1. Membuang Duri Dari Jalan Diampuni Allah Dari Dosa-dosa
Sebuah hadits yang amat populer terkait dengan imbalan orang yang membuang duri dari jalan telah diriwayatkan oleh Abu Hurairah radhiallahuanhu bahwa Rasulullah SAW bersabda:

بَيْنَمَا رَجُلٌ يَمْشِي بِطَرِيقٍ وَجَدَ غُصْنَ شَوْكٍ عَلَى الطَّرِيقِ فَأَخَّرَهُ فَشَكَرَ اللَّهُ لَهُ فَغَفَرَ لَهُ

Ketika seorang lelaki tengah berjalan di suatu jalan, dia mendapati ranting yang berduri di jalan tersebut. Maka dia mengambil dan membuangnya. Maka Allah berterima kasih kepadanya dan mengampuninya.” (HR. Al-Bukhari Muslim)

Rupanya salah satu alasan kenapa Allah SWT mengampuni dosa seseorang adalah karena dia menghilangkan duri dari jalan. Artinya dalam hal ini, orang itu memberikan hak-hak para pengguna jalan sepenuhnya, sampai kalau ada duri yang akan mencelakakan para pengguna jalan, dia pun membuangnya.

Hanya dengan tindakan ringan dan kita anggap sepele itu, ternyata mendatangkan karunia yang amat besar berupa terima kasih dari Allah SWT. Bayangkan, Allah SWT berterima kasih kepada kita. Dan kemudian diteruskan menjadi memberikan ampunan dari dosa-dosa kita.

Sungguh luar biasa adab-adab yang diajarkan agama kita ini. Kepedulian kita atas hak-hak para pengguna jalan justru menjadi jalan pengampunan.

2. Masuk Surga Karena Membuang Duri Dari Jalan

Kalau pada hadits di atas disebutkan bahwa mereka yang membuag duri dari jalan akan mendapatkan ampunan dari Allah, maka dalam hadits kedua ini Rasulullah SAW menjanjikan surga bagi mereka yang membuat duri dari jalan.
عَنْ أَبِي هُرَيْرَةَ أَنَّ رَسُولَ اللهِ قَالَ بَيْـنَمَا رَجُلٌ يَمْـشِي بِطَرِيْقٍ وَجَدَ غُصْـنَ شَـوْكٍ عَلَى الطَّرِيقِ فَأَخَـذَهُ فَشَـكَرَ اللهُ لَهُ فَغَـفَرَ لَهُ

Dari Abu Hurairah radhiyallahuanhu bahwa Rasulullah SAW bersabda,"Pada suatu hari ada seseorang lelaki berjalan di tengah jalan, lalu, ia menemukan tangkai yang berduri di tengah jalan yang dilaluinya itu. Maka, ia menyingkirkan tangkai berduri itu [dari jalan]. Maka, Allah bersyukur kepadanya dan memberi ampunan kepadanya". (HR. Al-Baihaqi).

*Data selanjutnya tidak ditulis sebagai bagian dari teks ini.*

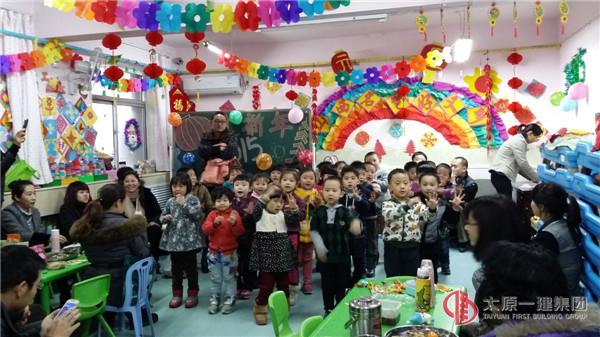 鑼鼓喧天歌盛世,山歡水笑慶佳節(jié)。伴隨著冬日溫暖的陽光,伴隨著即將敲響的新年鐘聲,幼兒園于2014年12月31日下午3:00在各班開展了一場(chǎng)“歡歡喜喜過新年”家園聯(lián)歡活動(dòng)。教室里張燈結(jié)彩,大門口紅燈籠高掛,整個(gè)幼兒園里洋溢著新年的熱鬧氣氛。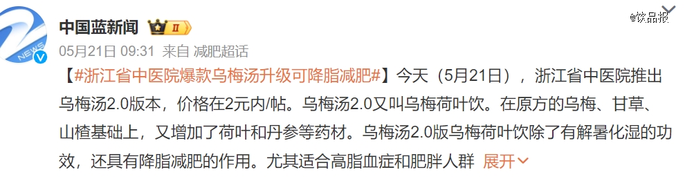 从去年的酸梅汤到今年的乌梅汤,近两年饮品界的顶流“中药味”十足!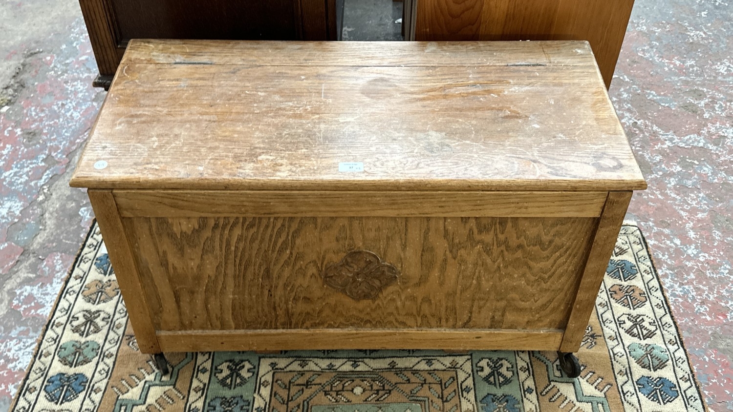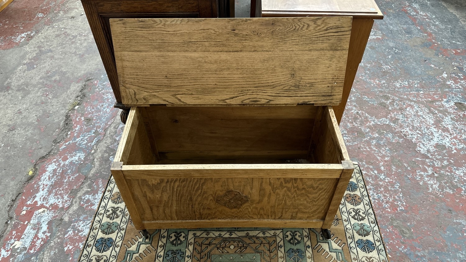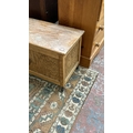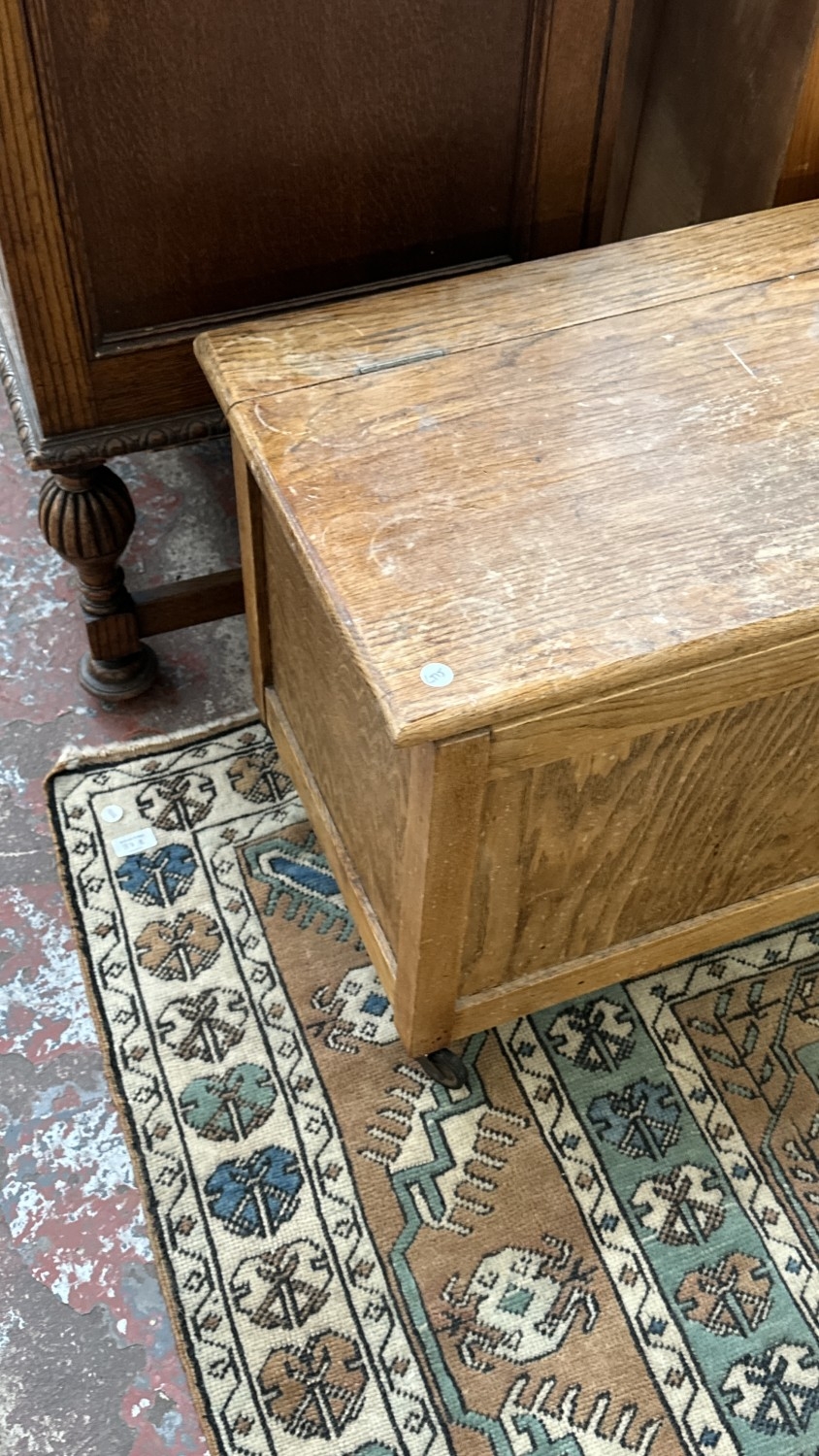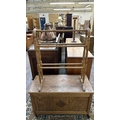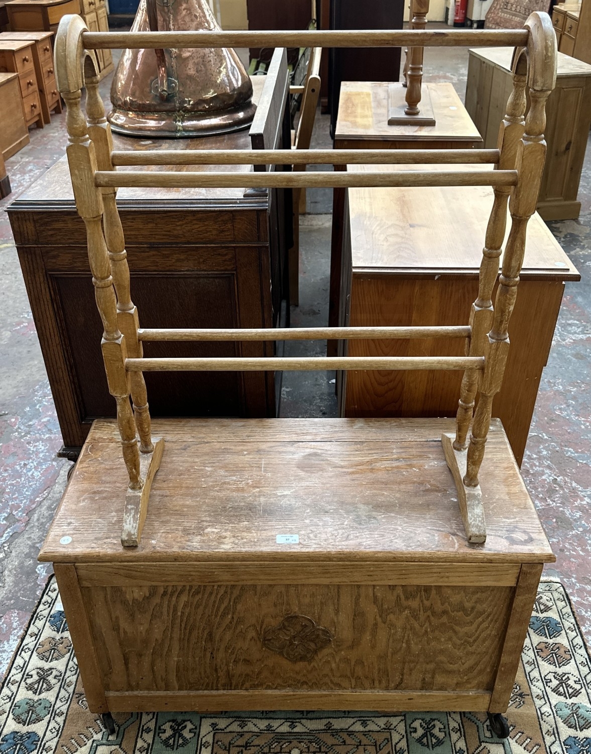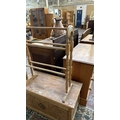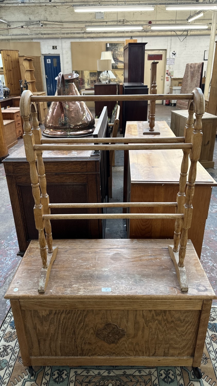 Two pieces of furniture, one Victorian style beech free standing towel rail - approx. 78cm high x 63cm wide x 29cm deep and one 1930s oak blanket box - approx. 48cm high x 86cm wide x 40cm deep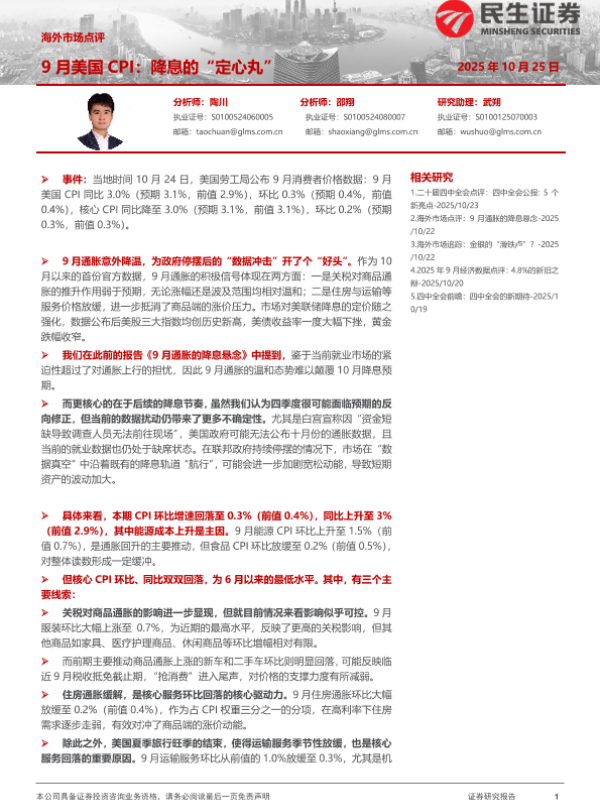 【民生证券】【202510】9月美国CPI:降息的“定心丸”-7页 证券期货研究报告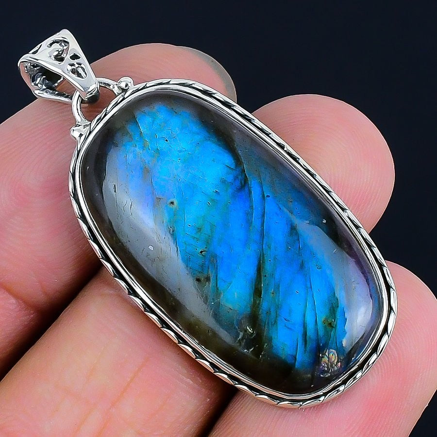 Natural Labradorite Best Friend Gift Bezel Artisan Mother Pendant Solid Silver
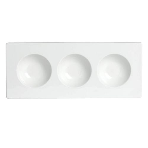 Folio by Patra 6302P267 White Rectangular 3 Well Sorbet Dish - 12 / CS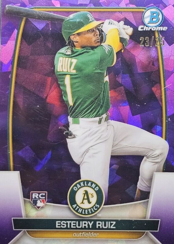The Esteury Ruiz 2023 Bowman Chrome Sapphire Edition #46 Purple /25 Rookie card in Raw condition has not changed in price in the last 30 days and was last sold for $16.00 .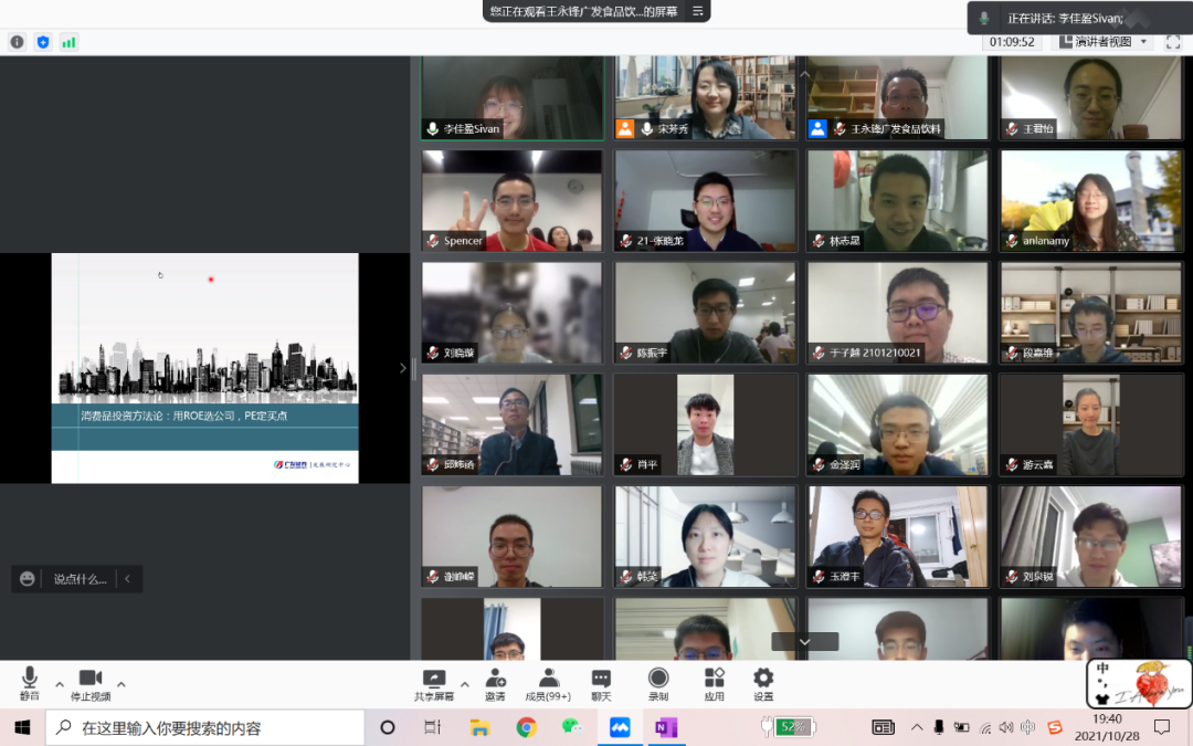 2021年10月28日晚,“行业研究前沿”课程在腾讯会议线上举行。广发证券食品饮料行业首席分析师王永锋先生作为第三讲主讲人,以《消费品投资方法论》为题与师生进行了深入交流。本次讲座由申博太阳城集团金融系宋芳秀老师主持,来自申博太阳城集团及学校其他院系的一百余名本科生和研究生同学参加。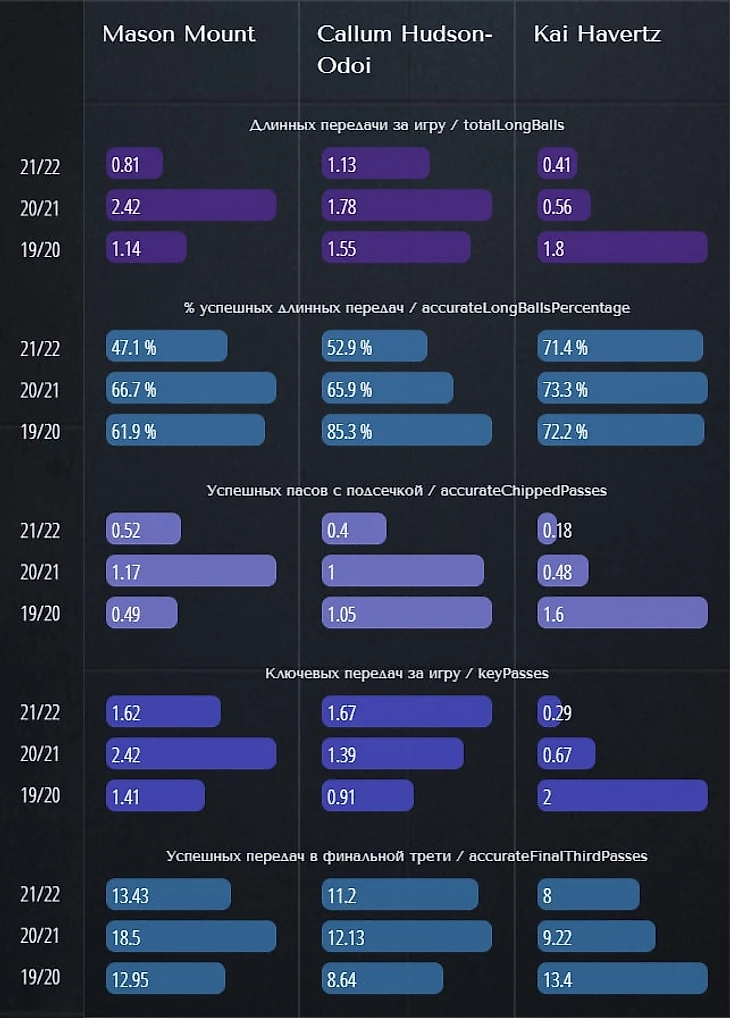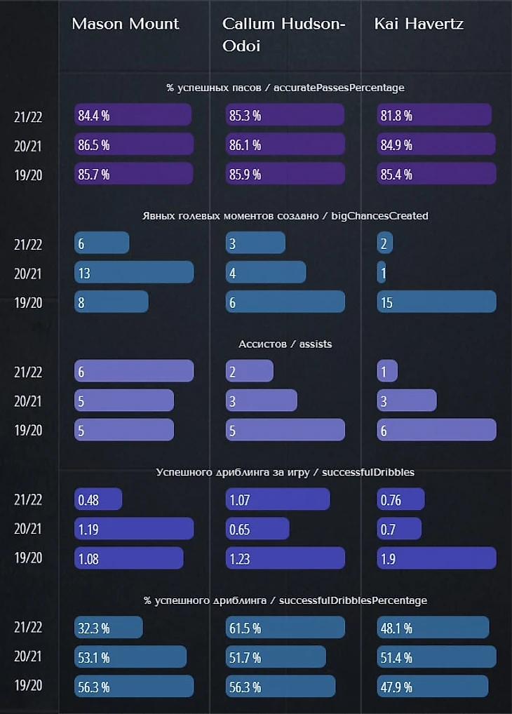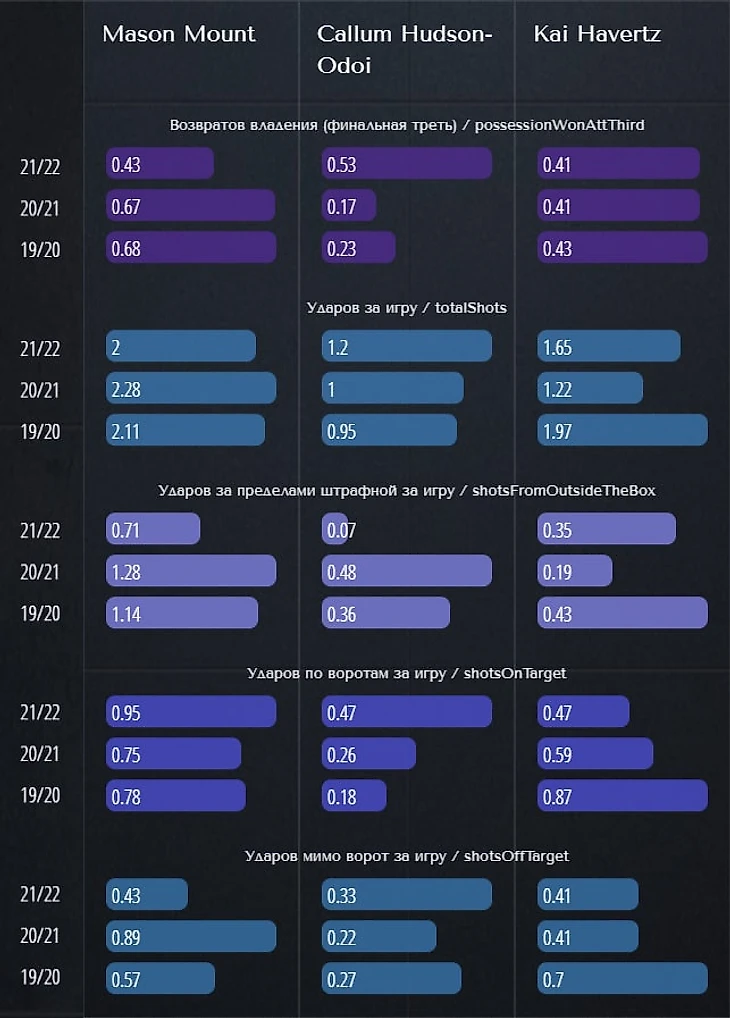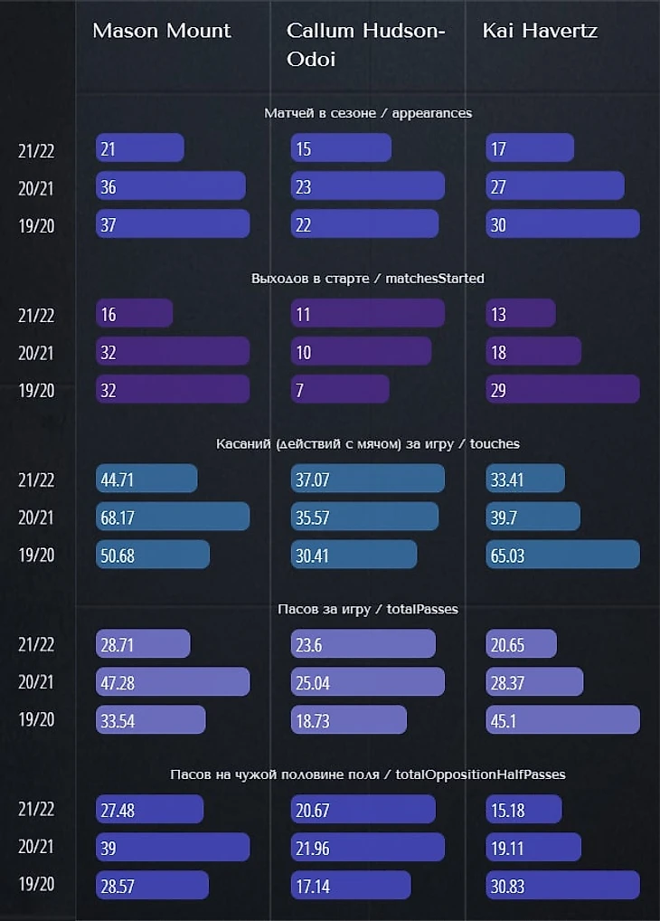 Мы уже рассмотрели недовольных игроков атаки «Челси» и сделали определенные выводы. Предлагаю обратить наш взор на других атакующих футболистов, а именно: на Маунта, Хадсона-Одои и Хавертца.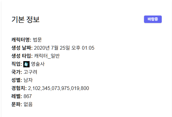 바람의나라 캐릭터 정보 조회 캐릭터명: 서버: 연 무휼 유리 진 하자 호동 ..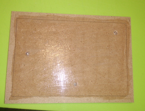 По рамке обводим на крышке контур, чтоб понять куда клеить фон.

3. Buang Hajat di Jalan Terlaknat
Saking pentingnya hak-hak masyarakat pengguna jalan, sampai-sampai Rasulullah SAW melaknat orang yang secara sengaja buang hajat di jalan yang biasa dilakui orang. Dari Abu Hurairah radhiallahuanhu bahwa Rasulullah SAW bersabda:

اتَّقُوا اللَّعَّانَيْنِ قَالُوا وَمَا اللَّعَّانَانِ يَا رَسُولَ اللَّهِ قَالَ الَّذِي يَتَخَلَّى فِي طَرِيقِ النَّاسِ أَوْ فِي ظِلِّهِمْ

“Jauhilah dua orang yang terlaknat.” Para sahabat bertanya, “Wahai Rasulullah, siapakah kedua orang yang terlaknat itu?” Beliau menjawab, “Orang yang buang hajat di jalan manusia atau di tempat berteduhnya mereka.” (HR. Muslim)

Kalau buang hajat saja di tengah jalan sampai terlaknat, apalagi bikin hajatan di tengah jalan, logikanya tentu lebih terlaknat lagi. Kalau buang hajat di jalan, orang masih bisa lewat meski menderita. Soalnya jalanannya bau pesing dan kotoran, bahkan bisa saja menempel di sendal.

Tetapi kalau sampai bikin hajatan di jalalanan, sampai menutup jalan, para pengguna jalan bahkan tidak bisa lewat. Maka ini jauh lebih parah dari sekedar buang hajat di jalanan.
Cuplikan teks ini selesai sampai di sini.